From individual plant to crop level

FSPM approaches show heavy reliance production computation, since they use the plant structure as a biomass storing and transportation pathway.
The main specificity of the GreenLab models lies in the fact that structure is only used as an organ compartment classifier, and not as a transportation network.

Indeed, an interesting way of overcoming this difficulty is to use the crop production model approach, defined at m² level to estimate the photosynthesis.
The structural approach precisely defines organ compartments sharing the same fate, making biomass allocation easier, but does not require exhaustive definition, be it topological (graph), or geometrical.

This positioning, between individual plant and crop models is specific to the GreenLab model.
Taking into account the simplifications established by agronomists from experimental studies, i.e. the common biomass pool, the use of net photosynthesis and, biomass computation from Beer's Law, this approach does away with use of the topological structure in production computation.
The classic crop model equation (Eq. 1) is adapted to the plant scale as follows:

Q = LUE . PAR . Sp . (1 - e ^{- k Sf/Sp}) (Eq. 2)

   where

Q is the increase in biomass of the plant cycle
Sf is the leaf area of the plant
Sp is a parameter which has the dimension of a surface
Sp allows equation (2) to operate even when the canopy is not very dens.
In an high density d stand, the canopy is uniform and Sp verifies:

    Sp = 1 / d (Eq. 3)

This relation has been verified experimentally on crops (see below).

Equations (Eq. 1) and (Eq. 2) are thus equivalent, but the formula (Eq. 2) allows a switch from the individual plant to the plant stand.

Organogenesis

In the GreenLab model, organogenesis is modelled by meristem production equations, according to their physiological age, and deduced from observations.
Growth, mortality and, branching are described by probability laws.

For each cycle of growth, new organ population (cohors) occurrences are simulated.

Each organ takes up biomass from the common biomass pool according to the srentgh of its sink function; (this function varies during organ maturation).
Since all organs of the same cohort and of the same type are in the same state, efficient factorization can be applied. For instance, plant demand D is simply the sum of the demand of all the cohorts.

The biomass increment Δ q of a given organ depends on its sink φ, the available biomass in the common pool Q calculated by equation (Eq. 2) and plant demand D according to the formula:

Δ q = φ . Q / D     (Eq. 4)

Organ weight is then simply defined by summing up the biomass increments (Eq. 4).
Its dimensions (length, diameter, area) are assessed by applying geometric (allometric) rules.
The weight of the organ compartments is obtained by summing up all cohorts of the same organ.
In particular, the total functioning leaf area of the plant Sf is deduced, using the equation (Eq. 2).


Simulation of plant growth and plasticity with the GreenLab model (© Digiplante and LIAMA).

These virtual plants are obtained from field data thanks to the software that takes particular account of how organs (leaves, roots, fruits, etc.) change, which can be very different depending on environmental conditions.
(a) simulating morphological gradients.
The base effect due to low biomass availability at early stages is shown on the right.
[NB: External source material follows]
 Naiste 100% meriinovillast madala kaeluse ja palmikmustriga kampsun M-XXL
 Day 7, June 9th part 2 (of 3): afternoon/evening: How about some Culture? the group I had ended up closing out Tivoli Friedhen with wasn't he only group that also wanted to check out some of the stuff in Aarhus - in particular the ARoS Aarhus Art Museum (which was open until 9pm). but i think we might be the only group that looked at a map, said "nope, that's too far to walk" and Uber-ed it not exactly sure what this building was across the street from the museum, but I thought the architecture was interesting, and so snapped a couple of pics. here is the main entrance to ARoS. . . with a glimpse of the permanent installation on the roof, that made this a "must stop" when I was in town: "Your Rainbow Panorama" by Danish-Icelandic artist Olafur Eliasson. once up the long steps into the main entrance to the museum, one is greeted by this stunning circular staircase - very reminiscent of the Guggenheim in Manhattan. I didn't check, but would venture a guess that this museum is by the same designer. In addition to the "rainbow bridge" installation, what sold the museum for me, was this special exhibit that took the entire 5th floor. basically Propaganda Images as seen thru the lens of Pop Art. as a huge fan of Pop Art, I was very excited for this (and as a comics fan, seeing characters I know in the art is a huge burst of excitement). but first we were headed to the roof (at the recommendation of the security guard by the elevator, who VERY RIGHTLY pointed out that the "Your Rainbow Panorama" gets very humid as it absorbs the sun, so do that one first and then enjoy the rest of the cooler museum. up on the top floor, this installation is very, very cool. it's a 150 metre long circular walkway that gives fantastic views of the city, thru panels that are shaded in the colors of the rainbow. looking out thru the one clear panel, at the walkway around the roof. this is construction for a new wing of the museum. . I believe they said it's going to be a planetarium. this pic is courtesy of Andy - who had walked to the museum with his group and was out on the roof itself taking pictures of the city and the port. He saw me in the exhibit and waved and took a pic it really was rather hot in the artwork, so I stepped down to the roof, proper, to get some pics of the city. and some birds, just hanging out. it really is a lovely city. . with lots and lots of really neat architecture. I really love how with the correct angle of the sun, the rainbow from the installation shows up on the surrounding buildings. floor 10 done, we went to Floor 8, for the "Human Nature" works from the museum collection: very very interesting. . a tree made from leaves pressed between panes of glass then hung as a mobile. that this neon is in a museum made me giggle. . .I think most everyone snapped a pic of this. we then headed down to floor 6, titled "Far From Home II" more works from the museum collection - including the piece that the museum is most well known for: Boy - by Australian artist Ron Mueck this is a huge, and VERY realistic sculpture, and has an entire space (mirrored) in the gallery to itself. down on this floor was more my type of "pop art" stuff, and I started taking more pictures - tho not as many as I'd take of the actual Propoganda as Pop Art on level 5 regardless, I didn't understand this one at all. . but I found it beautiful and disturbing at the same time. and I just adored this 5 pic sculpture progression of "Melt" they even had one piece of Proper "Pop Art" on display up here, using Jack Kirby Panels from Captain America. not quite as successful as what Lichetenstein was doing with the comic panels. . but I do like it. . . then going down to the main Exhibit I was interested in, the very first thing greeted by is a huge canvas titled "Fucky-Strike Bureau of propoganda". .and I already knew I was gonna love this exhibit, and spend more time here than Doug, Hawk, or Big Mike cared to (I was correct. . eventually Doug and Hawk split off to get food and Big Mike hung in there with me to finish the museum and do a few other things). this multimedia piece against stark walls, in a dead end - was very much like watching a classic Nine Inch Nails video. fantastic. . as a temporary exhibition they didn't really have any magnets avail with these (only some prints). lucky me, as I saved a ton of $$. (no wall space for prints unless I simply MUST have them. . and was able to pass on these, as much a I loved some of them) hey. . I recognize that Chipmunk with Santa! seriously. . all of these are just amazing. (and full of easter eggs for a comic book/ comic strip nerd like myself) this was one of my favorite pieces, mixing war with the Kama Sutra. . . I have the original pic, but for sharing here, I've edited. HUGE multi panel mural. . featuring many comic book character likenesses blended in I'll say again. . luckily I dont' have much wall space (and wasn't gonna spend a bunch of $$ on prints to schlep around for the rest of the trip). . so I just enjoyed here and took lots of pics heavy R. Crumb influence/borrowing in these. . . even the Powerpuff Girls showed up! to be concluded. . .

The left-hand tree is only a structural simulation
(b) structural plasticity simulation on the beech tree.
Left and Right are respectively simulated with the same parameter, except for the Sp (Eq. 2) area value (shown as a grey disk) standing for reversed density.
Other calibrated simulations are for: (c) arabsisdosis, (d) beetroot, (e) sunflower,
(f) maize, (g) cotton, (h) rice, (i) tomato,
(j) chrysanthenum, (k) sweet pepper, (l) Mongolian pine

The GreenLab model is therefore a dynamic model of plant growth which operates by feedback between growth and development.
The calculation of plant production does not need to rely on the details of the architecture, but only on the equations of production and source-sink relations.
Such a model offers efficient computing costs and enables model calibration, optimisation and control methods to be implemented.